My sense of fascination lies in beholding the attempts by the 19 members to respond to the requests of the Report in such a way as to try to include the views of most of the known groupings within the Convention. So I have witnessed many attempts to choose words, tenses of verbs and phrases, a colon there, a semi colon here, and to insert this or that amendment, in order to try to craft a resolution to gain approval in the House of Deputies and House of Bishops.

We need to recall that Resolutions belong to a particular, even a peculiar form of language, and have to be fitted into that form; and in that form they can either aim (a) for absolute clarity or (b) to encompass a variety of possible interpretations. Resolution A160 seems to fit into the second of the alternatives, allowing for some variation in understanding. In the second place, as some of the Committee accept, to express regret or repentance via Resolutions is a very strange and most unsuitable way of bring reconciliation in church affairs.

My sense of disturbance is caused by (a) the apparent fact that only one member out of nineteen truly believes that the Episcopal Church acted wrongly in proceeding with the election and consecration of Gene Robinson and, in doing so, acted against the express concerns of all the Primates of the Anglican Communion.; and (b) the further apparent fact that virtually all the members of the Committee believe that only regret for the results of the action are needed and are very ready to express such regret for the various and many effects of the action in consecrating Robinson - even though it is not wholly clear that they do regret the crisis and the major problems caused..
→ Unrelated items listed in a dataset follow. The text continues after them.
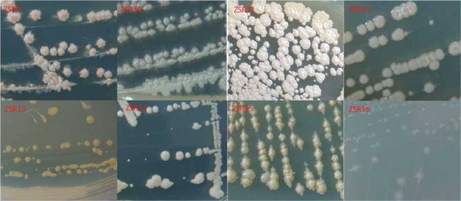 ZSR9:菌落乳头状凸起, 近圆形, 肉色, 稍有光泽, 表面褶皱, 边缘不整齐, 不透明, 略有粘度, 直径2~4 mm; ZSR10:菌落具有中凹的隆起, 圆形或近圆形, 乳白色, 稍有光泽, 边缘不整齐, 半透明, 略有粘度, 直径2~3 mm; ZSR11:菌落稍凸起的, 圆形或近圆形, 白色, 略显米黄, 稍有光泽, 边缘不整齐, 不透明, 略有粘度, 直径2~6 mm; ZSR12:菌落凸起的, 圆形或近圆形, 肉色, 有光泽, 边缘整齐, 半透明, 有粘度, 直径1~5 mm; ZSR13:菌落稍凸起的, 圆形或近圆形, 黄色, 有光泽, 边缘整齐, 半透明, 有粘度, 直径1~4 mm; ZSR14:菌落凸起的, 圆形或近圆形, 奶白色, 有光泽, 边缘整齐, 半透明, 有粘度, 直径2~4 mm; ZSR15:菌落凸起的, 不规则形, 表面有褶皱, 灰褐色, 有光泽, 边缘不整齐, 半透明, 有粘度, 直径2~4 mm; ZSR16:菌落平展, 圆形或近圆形, 白色, 有光泽, 边缘整齐, 半透明, 有粘度, 直径2~4 mm。
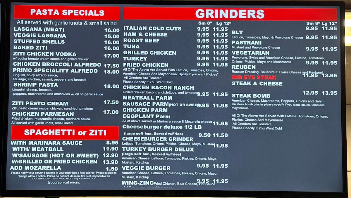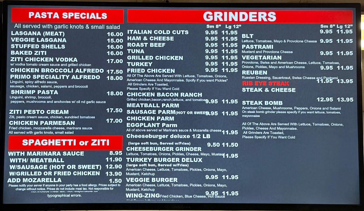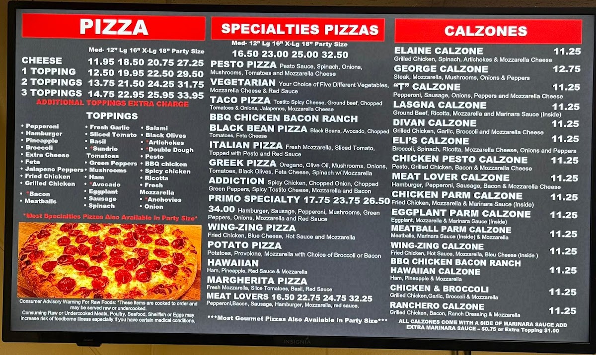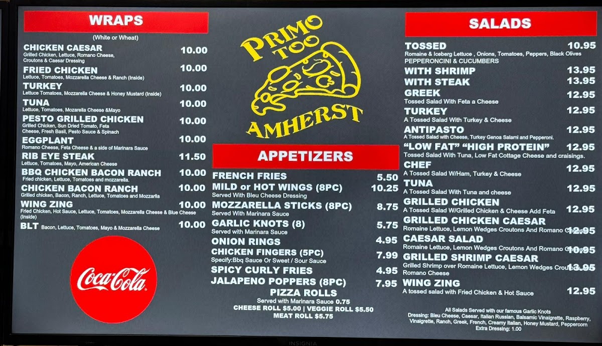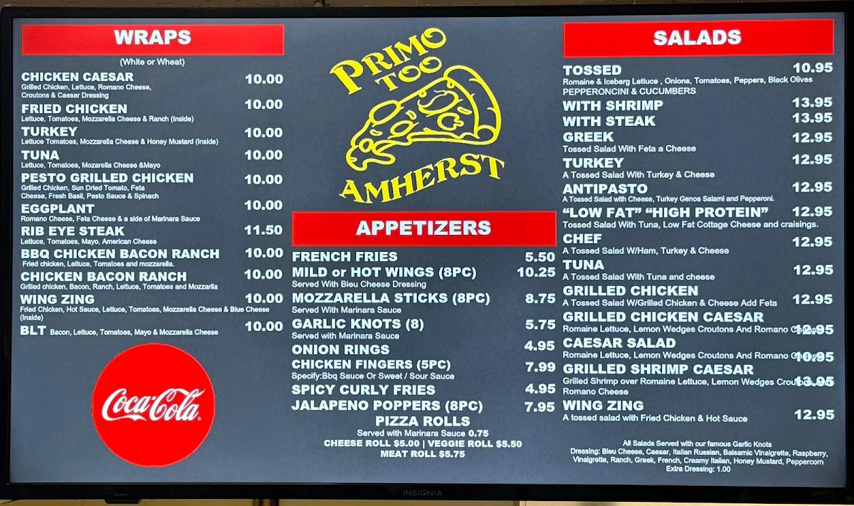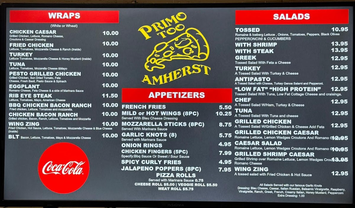 Looking for a place where delicious pizza and comforting Italian favorites meet in the heart of Amherst? Look no further than Primo Too Pizzeria Amherst Menu. Whether you’re craving a classic Margherita pizza or something more adventurous, the menu offers a variety of options that will surely hit the spot. From freshly baked pizzas with a perfect crispy crust to mouthwatering pasta dishes, every bite is a treat. Their extensive selection of toppings and combinations means you’ll always find something to satisfy your taste. The atmosphere is casual, and the food is served with a touch of warmth and care that makes it the perfect spot for a meal with friends or family. Don't miss out on the delightful appetizers and tempting desserts, which are just as delicious as the main dishes.
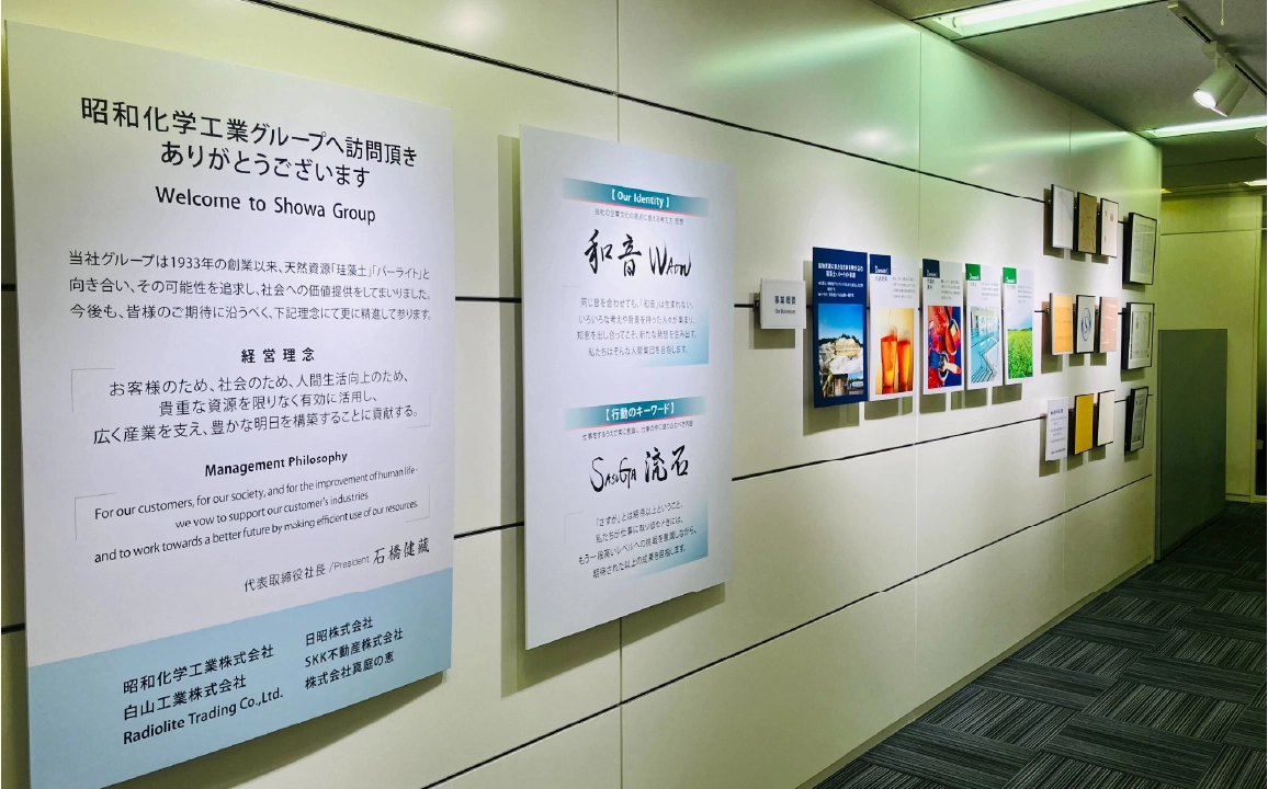 昭和化学工業のオフィス、工場、研究分析センターなど、リアルな雰囲気をご確認ください。

What this means, I fear, is that what is going to be offered to the General Convention to vote on (on Monday probably and in the House of Deputies first of all) is a Resolution A160, which has been composed from the basic belief that what is asked for, and what is to be provided, is apology for, regret for, and repentance for the results of proceeding hastily and without proper regard to the member churches of the Communion, in the consecration of Gene Robinson. Regret for the deed itself, for the consecration as an event, is not intended or offered by the Committee in this Resolution.

Of course, the Resolution may be amended in one of the Houses in order to cause it to express regret for the consecration itself, but if this happens, there will be determined opposition from not a few members.

One final word. The hero in all this - from the standpoint of both the vast majority in the Anglican Communion and The Windsor Report (as interpreted by its own authors) -- is the lone voice and single vote in the Committee, Dr. Michael W. Howell, a gracious and intellectual man, who is a professor, of African-American parentage, and a classic evangelical Anglican.

--The Rev. Dr. Peter Toon is President of the Prayer Book Society U.S.A.